Only access files within the /home/user/documents directory."
Example: Python-based MCP (via uvx)
Name: Web Search
Type: Stdio
Command: uvx
Args: mcp-server-web-search
Env: SEARCH_API_KEY=your-key
Prompt: "Use this tool when the user asks you to search the web
or needs current information."
System prompt
Every MCP server has an optional system prompt field. This text gets injected into the agent’s context when the MCP is enabled for that agent. Use it to guide the LLM on when and how to use the tools:
- “Use these tools to control smart home devices. Always confirm before turning things off.”
- “Only call this tool when the user explicitly asks for file operations.”

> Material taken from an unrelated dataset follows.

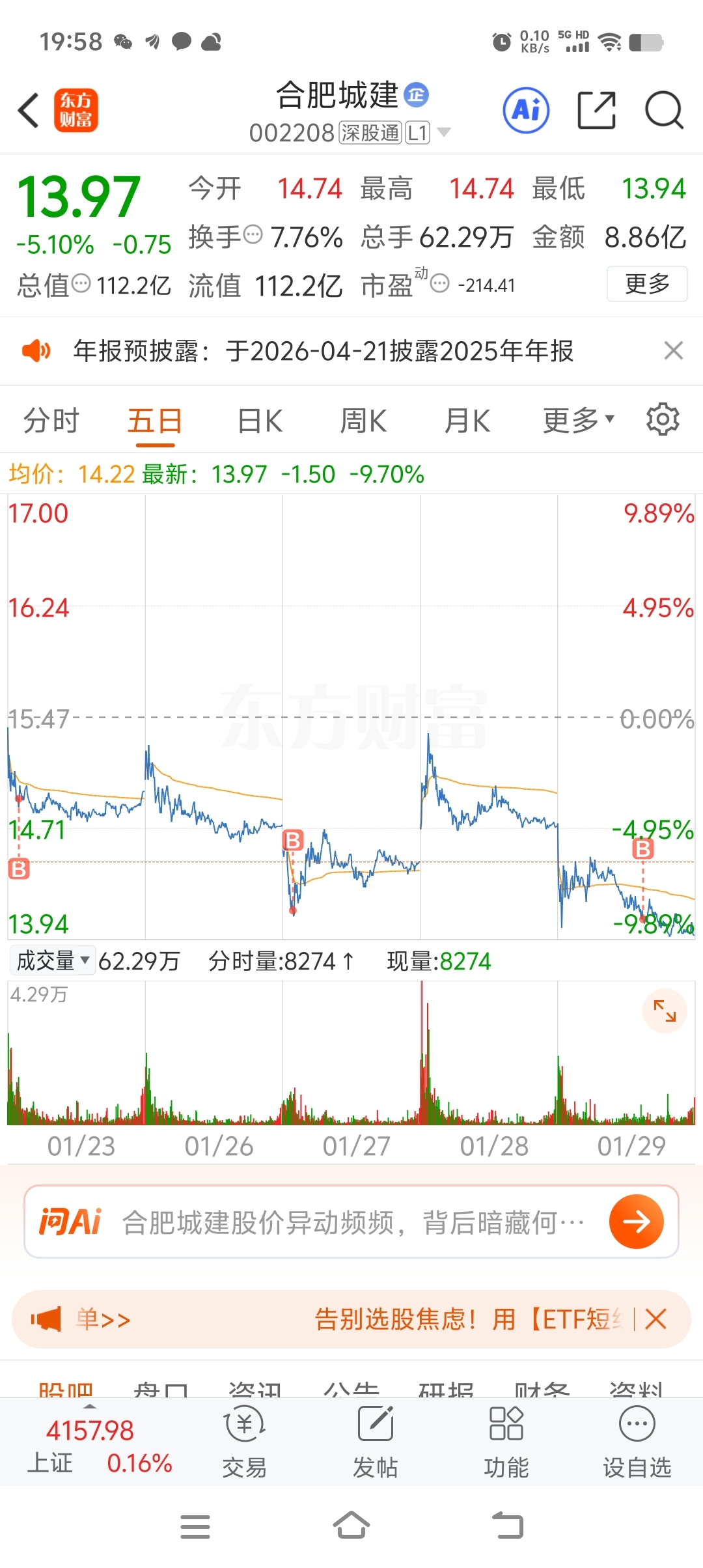 $合肥城建(SZ002208)$ 俺这算不算抄底。

- “Use the web search tool when the user needs current information that you don’t know.”
Good system prompts make agents more reliable — they know when to reach for a tool and when to just respond from their own knowledge.
Connecting MCP servers to agents
After creating an MCP server, you need to enable it on specific agents:
- Open an agent in the Admin UI
- Expand the MCP Servers section
- Toggle on the MCP servers you want this agent to use
- Save
Each agent can have different MCP tools enabled. A “home assistant” agent might have Home Assistant MCP enabled. A “code reviewer” agent might have GitHub MCP. A “research assistant” might have web search and filesystem access. You control the capabilities of each agent individually.
Real-world examples
Smart home control
Connect Home Assistant MCP and your agent can:
- “Turn off the living room lights”
- “Set the thermostat to 22 degrees”
- “Is the garage door open?”
- “Dim the bedroom lights to 30%”
This works from the Voice UI (say it), Telegram (text it), or even a cron job (automate it).
Software development
Connect GitHub MCP and filesystem MCP, and your agent can:
- “Create an issue for the login bug I just described”

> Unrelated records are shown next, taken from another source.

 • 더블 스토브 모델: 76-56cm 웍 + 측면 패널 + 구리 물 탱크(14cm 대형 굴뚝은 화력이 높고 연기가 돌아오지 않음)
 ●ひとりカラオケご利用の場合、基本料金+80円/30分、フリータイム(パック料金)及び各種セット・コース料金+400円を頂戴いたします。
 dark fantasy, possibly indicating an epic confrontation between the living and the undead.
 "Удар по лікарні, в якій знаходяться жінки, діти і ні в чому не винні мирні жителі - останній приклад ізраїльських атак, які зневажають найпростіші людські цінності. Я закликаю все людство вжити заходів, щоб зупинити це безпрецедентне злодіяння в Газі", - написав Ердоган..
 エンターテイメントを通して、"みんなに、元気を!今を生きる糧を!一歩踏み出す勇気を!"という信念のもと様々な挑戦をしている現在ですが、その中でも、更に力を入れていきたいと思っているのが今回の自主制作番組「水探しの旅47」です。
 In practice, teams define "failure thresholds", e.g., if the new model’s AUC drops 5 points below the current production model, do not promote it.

- “Show me the last 5 commits on the main branch”
- “Read the README.md file and suggest improvements”
Database queries
Connect a PostgreSQL or MySQL MCP server, and your agent can:
- “How many users signed up this week?”
- “Show me the top 10 products by revenue”
- “What’s the average response time from the logs?”
The power of combination
The real magic happens when you combine multiple MCP tools in a single agent, or across agents in a flow:
- An agent with Home Assistant + web search can say “It’s going to rain tonight, so I’ve closed the windows and turned on the heater.”
- A flow with a database agent + report writer + email sender can generate and send daily business summaries automatically.
- An agent with GitHub + filesystem + web search becomes a capable development assistant.
The more tools you connect, the closer you get to having an AI assistant that can actually help with your daily life and work — not just chat about it.